Los niños comenzaron a comer caramelos agridulces, comentaban sobre las esbeltas banderillas, y por qué y en qué momento se dice ¡Olé! Valente explicó el significado de esa exclamación única, que reúne tanta alegría y emoción.

De pronto el matador comenzó a torear con la muleta de manera sublime. Jerónimo, que ya tenía mucha variedad en su vocabulario taurino y frases que había escuchado desde siempre, dijo:

–¡Ya salió el duende!

–¿Cómo?

–Sí, el torero tiene un duende que le conseja y por eso torea de esa manera.

–¿Ah sí? -dijo Luis– ¡Pues cuánto le ha de cobrar!

En ese momento hasta las personas que estaban en el entorno, dibujaron una espontánea y gran sonrisa.

La faena de muleta es muy importante, un ejemplo de lo profundo que es torear y este público nuevo formado por el entusiasmo de Jerónimo estaba atento a todo el acontecer en la arena y llamaba la atención a los demás aficionados, la devoción y el amor con que la familia anfitriona explicaba cada momento los conmovía mucho.

Los olés retumbaban en la plaza. Los niños por momentos dejaban de comer sus dulces y sus ojos se clavaban como un par de banderillas en un solo movimiento de capote. –Torear es de valientes– Dijo Sofía.

–Y de artistas. –Agregó Luis.

El diestro toreaba a su toro de nombre “Consentido” como si aprovechara el significado del mismo nombre, es decir, consintiéndolo; ése era el sentido de su faena, llevar al toro suavemente y transmitir una emoción, y a la vez con mucha destreza y técnica en lo que hacía.

Pablo dijo:

–¡Jerónimo, todos dicen olé! ¡Hay mucha gente!

–Y mucho ambiente –Completó mamá Laura.

Aunque nadie se los había pedido, los niños aplaudían contentos la faena. Cuando se procedió a llevar a cabo la suerte suprema, la hora de la verdad, la plaza guardó silencio. El matador con su estoque que brillaba con los rayos del sol, finalizó la faena. “Consentido” dio un paso hacia el cielo de los toros y en el silencio que la plaza guardaba, se sentía la comprensión de que la muerte es parte del ciclo de todo ser viviente.

Jerónimo dijo a sus amigos:

–¡Pidan la oreja! Es como un trofeo para el torero.

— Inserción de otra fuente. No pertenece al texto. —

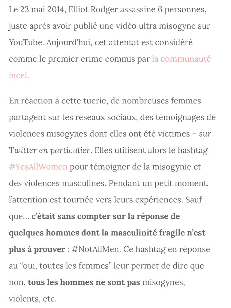 Je cite « En réaction à cette tuerie, de nombreuses femmes partagent sur les réseaux sociaux, des témoignages de violences misogynes dont elles ont été victimes – sur Twitter en particulier. Elles utilisent alors le hashtag #YesAllWomen pour témoigner de la misogynie et des violences masculines. Pendant un petit moment, l’attention est tournée vers leurs expériences. Sauf que… c’était sans compter sur la réponse de quelques hommes dont la masculinité fragile n’est plus à prouver : #NotAllMen. Ce hashtag en réponse au “oui, toutes les femmes” leur permet de dire que non, tous les hommes ne sont pas misogynes, violents, etc. »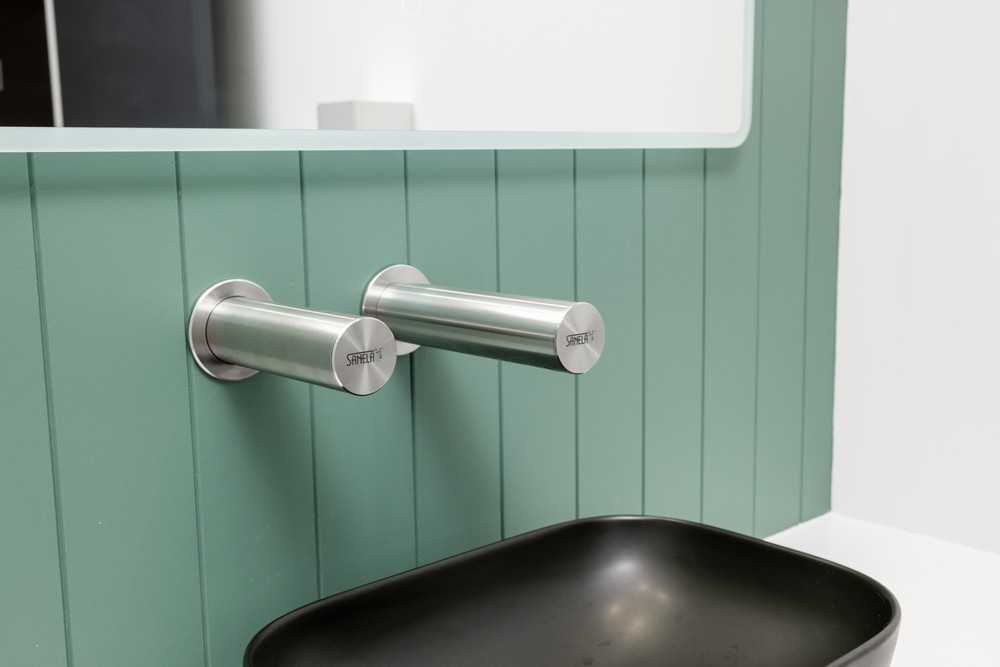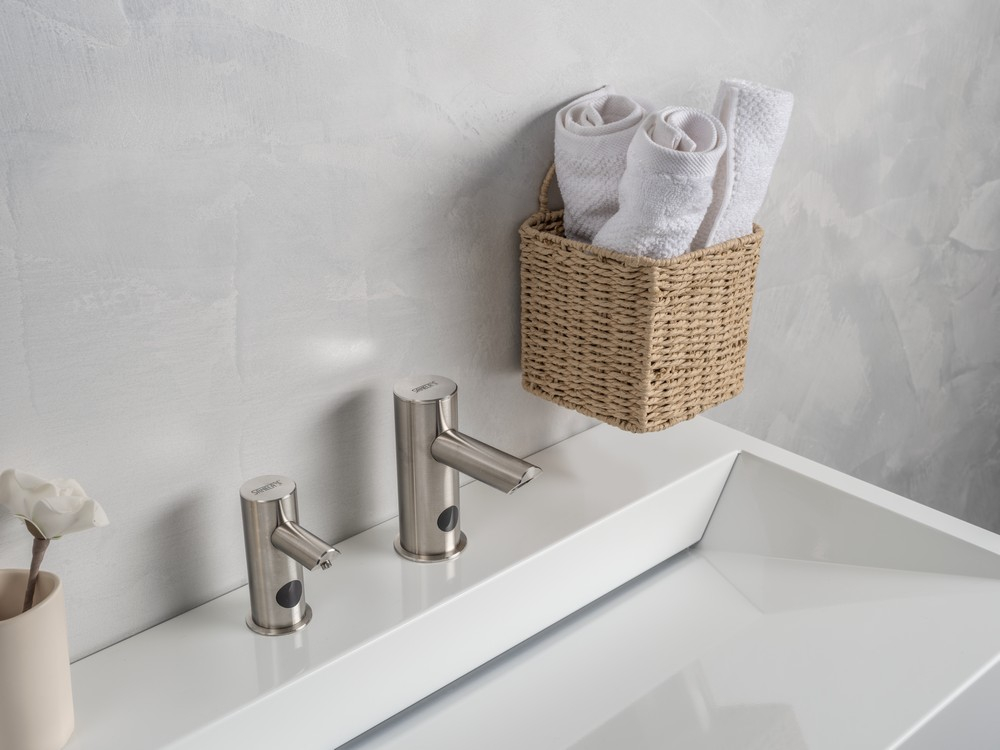 Sanela nu uită nici de sustenabilitate. Bateriile sunt echipate cu perlator economic care limitează debitul la 6 litri pe minut, economisind apă fără a afecta confortul utilizatorului. Dozatoarele, la rândul lor, reduc consumul de săpun, ducând la o utilizare mai eficientă a detergentului.

–¿Y cómo?– le preguntaron.

–¡Saquen los pañuelos blancos!

–¡Hey, parecen palomas al vuelo! -Se oyó decir a Sebastián.

La Plaza México era una fiesta, los aficionados de todas las edades aplaudían con mucha ilusión. El torero dio la vuelta al ruedo caminando y los ramitos de claveles que llevaron a la plaza, volaban como pájaros cardenales por la similitud del

color de sus pétalos rojo encendido. Él recibía la ovación y, a su paso, atrapaba algunos con su mano, mientras agradecía muy contento la calidez del público.

La tarde transcurrió y como cuando el abuelo y Jerónimo platicaban sin sentir el tiempo, cayó la noche. Salieron de la plaza entre comentarios y sensaciones diversas.

A los pies de la escultura principal que luce en lo alto de la Plaza México, en donde se habían encontrado todos, se despidieron con alegría, dando las gracias a los anfitriones por lo que hasta ese momento habían conocido por esta familia taurina.